RECORDS FOR THE TASK
*** Begin section ***

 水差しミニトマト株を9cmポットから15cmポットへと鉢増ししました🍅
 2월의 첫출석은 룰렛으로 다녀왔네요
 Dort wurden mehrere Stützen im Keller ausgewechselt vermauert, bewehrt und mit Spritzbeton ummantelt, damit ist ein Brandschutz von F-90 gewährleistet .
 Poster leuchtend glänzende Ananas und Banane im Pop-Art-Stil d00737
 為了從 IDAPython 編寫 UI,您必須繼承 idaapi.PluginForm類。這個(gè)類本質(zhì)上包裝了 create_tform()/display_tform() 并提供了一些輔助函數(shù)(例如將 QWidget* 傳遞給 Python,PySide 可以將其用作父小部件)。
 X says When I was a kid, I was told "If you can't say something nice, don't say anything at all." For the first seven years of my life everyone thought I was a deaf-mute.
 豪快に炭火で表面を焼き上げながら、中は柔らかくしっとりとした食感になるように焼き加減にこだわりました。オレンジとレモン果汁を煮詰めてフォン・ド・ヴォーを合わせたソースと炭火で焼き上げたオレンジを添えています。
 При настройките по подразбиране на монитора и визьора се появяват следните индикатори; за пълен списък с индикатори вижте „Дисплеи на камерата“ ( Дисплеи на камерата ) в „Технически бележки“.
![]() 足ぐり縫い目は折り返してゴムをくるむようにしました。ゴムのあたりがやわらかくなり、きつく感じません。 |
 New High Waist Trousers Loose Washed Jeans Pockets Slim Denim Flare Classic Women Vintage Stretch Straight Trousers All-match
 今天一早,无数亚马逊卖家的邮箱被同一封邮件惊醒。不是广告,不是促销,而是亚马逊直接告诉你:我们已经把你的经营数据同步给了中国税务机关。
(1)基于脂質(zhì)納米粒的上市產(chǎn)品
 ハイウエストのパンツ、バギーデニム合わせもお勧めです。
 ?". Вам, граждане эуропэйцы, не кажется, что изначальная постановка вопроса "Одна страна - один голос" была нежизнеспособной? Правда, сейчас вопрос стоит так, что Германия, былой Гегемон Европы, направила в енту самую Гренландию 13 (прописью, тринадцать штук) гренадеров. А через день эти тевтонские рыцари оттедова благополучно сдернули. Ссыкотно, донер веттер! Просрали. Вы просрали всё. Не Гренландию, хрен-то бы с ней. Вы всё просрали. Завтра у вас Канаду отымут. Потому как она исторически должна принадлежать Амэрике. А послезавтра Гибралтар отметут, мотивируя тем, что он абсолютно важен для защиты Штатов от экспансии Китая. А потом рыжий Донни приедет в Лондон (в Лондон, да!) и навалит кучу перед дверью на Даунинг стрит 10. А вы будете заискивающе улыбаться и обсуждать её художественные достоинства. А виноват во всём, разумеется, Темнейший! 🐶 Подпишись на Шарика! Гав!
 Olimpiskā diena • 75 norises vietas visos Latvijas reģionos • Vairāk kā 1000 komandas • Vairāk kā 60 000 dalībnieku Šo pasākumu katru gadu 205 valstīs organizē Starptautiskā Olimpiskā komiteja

*** End section ***

TASK STATEMENT
Could you write out, exactly as they stand, only the lines above that begin at the line with "今天一早,无数亚马逊卖家的邮" and stop after the line with "ハイウエストのパンツ、バギーデニム合わせもお勧めです。"?

RESPONSE
 今天一早,无数亚马逊卖家的邮箱被同一封邮件惊醒。不是广告,不是促销,而是亚马逊直接告诉你:我们已经把你的经营数据同步给了中国税务机关。
(1)基于脂質(zhì)納米粒的上市產(chǎn)品
 ハイウエストのパンツ、バギーデニム合わせもお勧めです。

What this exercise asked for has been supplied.